Now we can compare the paths again:

In [79]:
for pair in itertools.combinations(list(nn)[:8], 2):
    print(algorithms.shortest_path(g, *pair)), 
    algorithms.dijkstra_path(g, *pair)

[0, 1]
[0, 2]
[0, 3]
[0, 5]
[0, 1, 4]
[0, 1, 6]
[0, 5, 7]
[1, 0, 2]
[1, 3]
[1, 0, 5]
[1, 4]
[1, 6]
[1, 6, 7]
[2, 3]
[2, 5]
[2, 3, 4]
[2, 3, 6]
[2, 5, 7]
[3, 5]
[3, 4]
[3, 6]
[3, 5, 7]
[5, 3, 4]
[5, 6]
[5, 7]
[4, 6]
[4, 6, 7]
[6, 7]


### Graph Distance

Graph distance can be measured a number of ways:

**Shortest path (unweighted graph)**
- The simplest measure of distance; the number of edges one must walk from A to B

**Cost-based shortest path (weighted graph)**  
- In a *weighted* graph, every edge has an associated value, called *weight*. This value could, for example, represent the physical distance between two points on a topographic map.

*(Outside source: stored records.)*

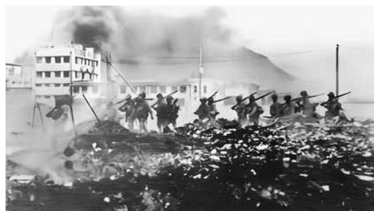
日軍在香港北角登陸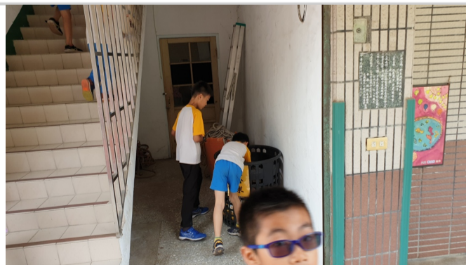
學校提供良心球讓學生下課利用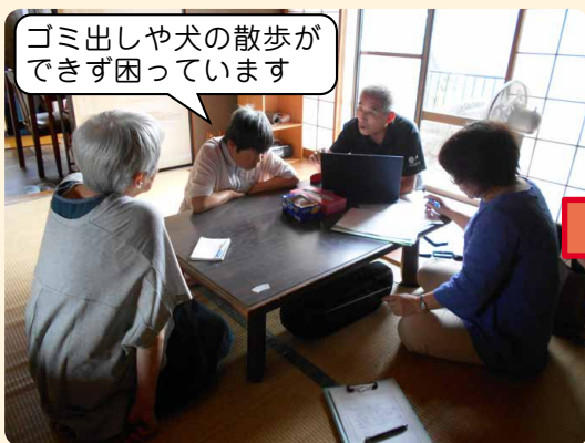
▲視覚障がいのある人の自宅に訪問して困りごとの相談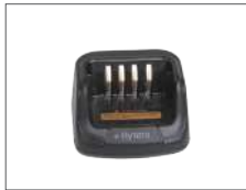
เครื่องชาร์จเร็ว MUC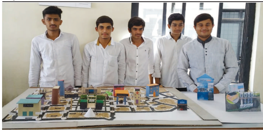
કડી સર્વ વિદ્યાલય સંચાલિત વી.પી.એમ.પી. પોલિટેકનીક કોલેજ ખાતે ફાઈનલ સેમેસ્ટરના વિદ્યાર્થીઓ દ્વારા દર વર્ષની જેમ સિવિલ, કમ્પ્યુટર, મિકેનિકલ અને ઈલેક્ટ્રીકલ ડિપાર્ટમેન્ટના વિદ્યાર્થીઓ દ્વારા ઉત્કલ ડેવલપમેન્ટ ઓફ વેલ પ્લાન્ટ સિટી ગાંધીનગર, રેઈન વોટર હાર્વેસ્ટીંગ જેવા વિષયો પર મોડલ બનાવી કોલેજ સમક્ષ પ્રસ્તુત કરવામાં આવ્યા હતા.

ગાંધીનગર, તા. ૨૯ ઈન્સ્ટિટ્યુટ ઓફ મેનેજમેન્ટ-એનઆઈસીએમ કેમ્પસ ખાતે સવારે ૮ થી બપોરના ૧૨ કલાક દરમિયાન હેમ્પી યુથ ક્લબના સહયોગથી સ્વેચ્છિક હેમ્પી રકતદાન કેમ્પનું આયોજન કરવામાં આવ્યું છે. ભારતના વીર શહીદ જવાનોને શ્રધ્ધાંજલિ અર્પણ કરવા સાથે યુવાનોમાં રકતદાન જેવી સેવાકીય પ્રવૃત્તિ અંગે જાગૃતિ ફેલાવવા તેવા હેતુથી આયોજિત રકતદાન શિબિર સાથે વિના મૂલ્યે આંખની તપાસનો કેમ્પ પણ યોજાશે. રકતદાન કેમ્પમાં રકત એકત્ર કરવાની રકત કલોલની ઈન્ડિયન રેડક્રોસ સોસાયટી તથા આઈચેક અપ કેમ્પમાં આંખની તપાસ કરી આપવાની સેવા અમદાવાદની દિવા આઈ ઈન્સ્ટિટ્યુટ દ્વારા પુરી પાડવામાં આવશે. સંસ્થા દ્વારા રકતદાન કેમ્પમાં સામેલ થઈ રકતદાન કરનાર તમામ રકતદાતાઓને પ્રમાણપત્ર તથા શુભચ્છા ભેટ આપી સન્માનવામાં આવશે. આ રકતદાન કેમ્પમાં ઉત્સાહપૂર્વક રકતદાન કરવા શહેરના રકતદાતાઓને આયોજકો તરફથી જાહેર અનુરોધ કરવામાં આવ્યો છે.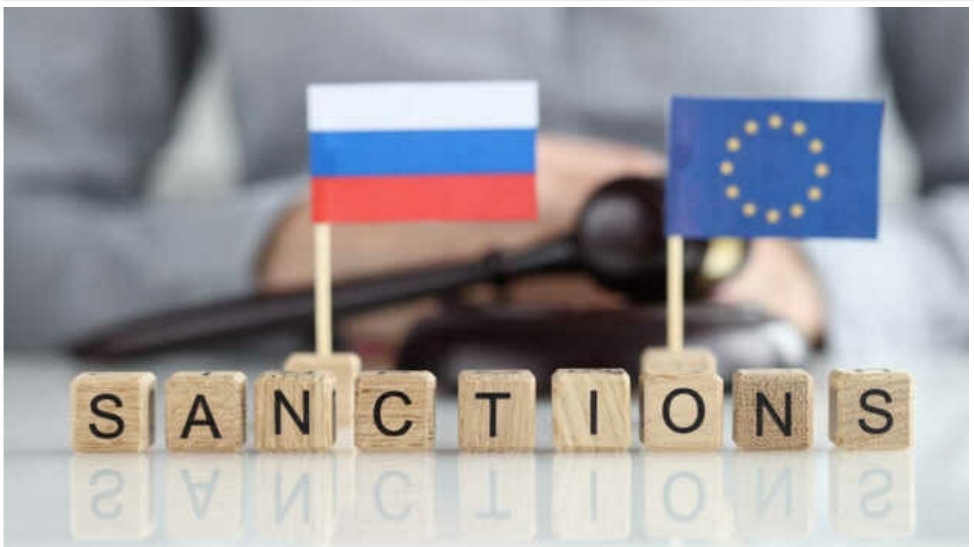
Новий пакет санкцій проти Росії стосуватиметься алюмінію, – Politico

До наступного пакету санкцій ЄС проти Росії увійде продукція з алюмінію.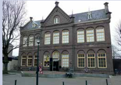
Museum Opsterlân in Gorredijk.

De ontvangst op donderdag 2 oktober is om 13.30 uur in Museum Opsterlân, Hoofdstraat 59, 8401 BW Gorredijk. In de omgeving van het museum is parkeren gratis met gebruik van de blauwe schijf (max. 3 uur). De begraafplaats ligt op drie kilometer afstand van het museum. Parkeren kan in de berm van de Dwersfeart. Aan leden die in het bezit zijn van een Museumkaart, het verzoek om deze mee te nemen.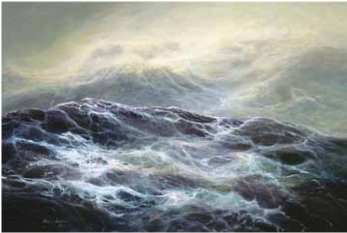
2. Äärimmäinen merenkäynti - Ytterst sjögång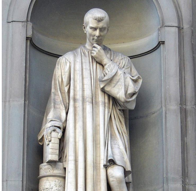
Floransa'daki Makyavel Heykeli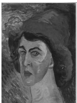
Марианна Веревкина Амазонка экспрессионизма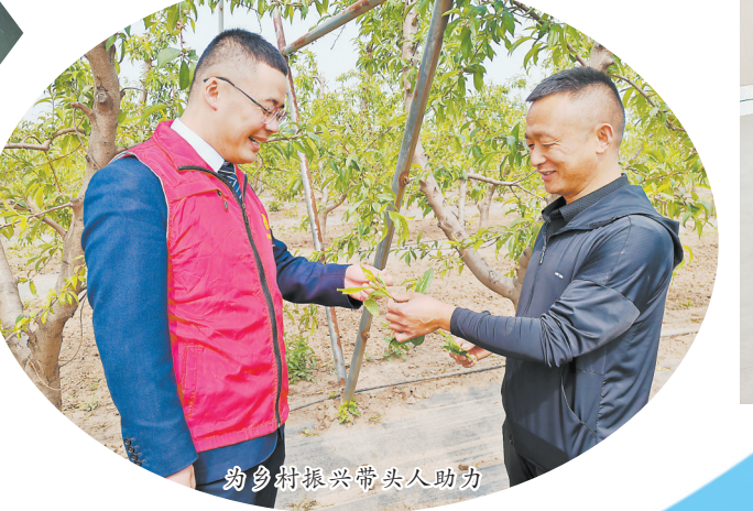
助力乡村振兴带头人助力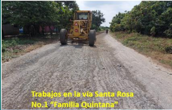
Trabajos en la vía Santa Rosa No.1 "Familia Quintana"

ADQUISICIÓN DE 480M3 DE MATERIAL PÉTREO INCLUYE TRANSPORTE Y TENDIDO DEL MATERIAL PARA BACHEO DE CAMINOS VECINALES DE LOS RECINTOS DE LA PARROQUIA.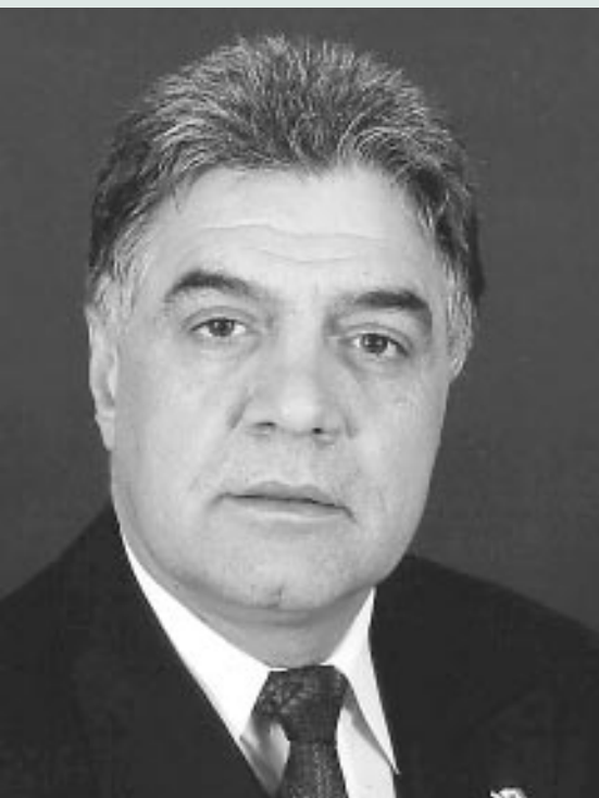
L'honorable Joe Fontana, ministre du Travail et du Logement.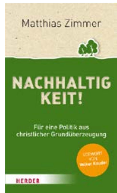
„Nachhaltigkeit - Für eine Politik aus christlicher Grundüberzeugung“ ist erschienen im Herder-Verlag mit der ISBN-Nummer 978-3451305085

In seinem Vorwort unternahm der Vorsitzende der CDU/CSU-Bundestagsfraktion, Volker Kauder, einen interessanten Rückblick auf die Vorläufer der Nachhaltigkeitsdebatte in der Unionsgeschichte. So sei für Ludwig Erhard schon der Wohlstand Ausgangspunkt, aber kein Leitbild der Lebensgestaltung gewesen.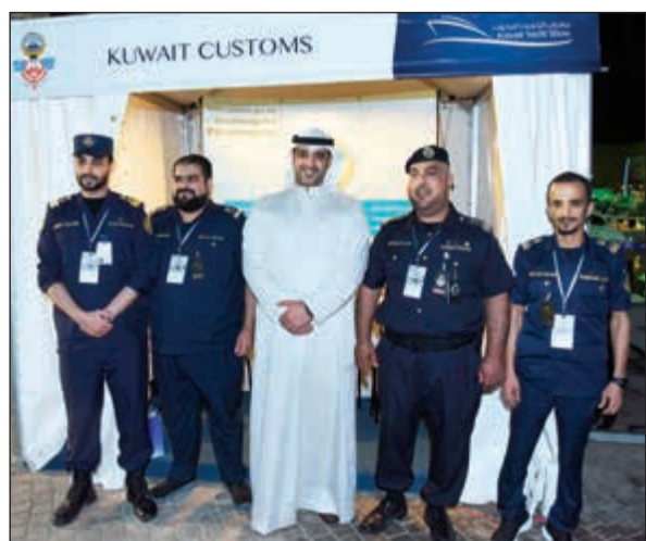
.. ومع فريق الجمارك

Naturally, the distance from A to B will be the sum of distances between the intermediate points. The choice for the shortest path is the one with the least combined distance, but not necessarily the fewest nodes. Often we give this weight-as-a-distance value the more general term "cost", meaning it will cost us this many CPU cycles/hops/hours/etc. to travel the path.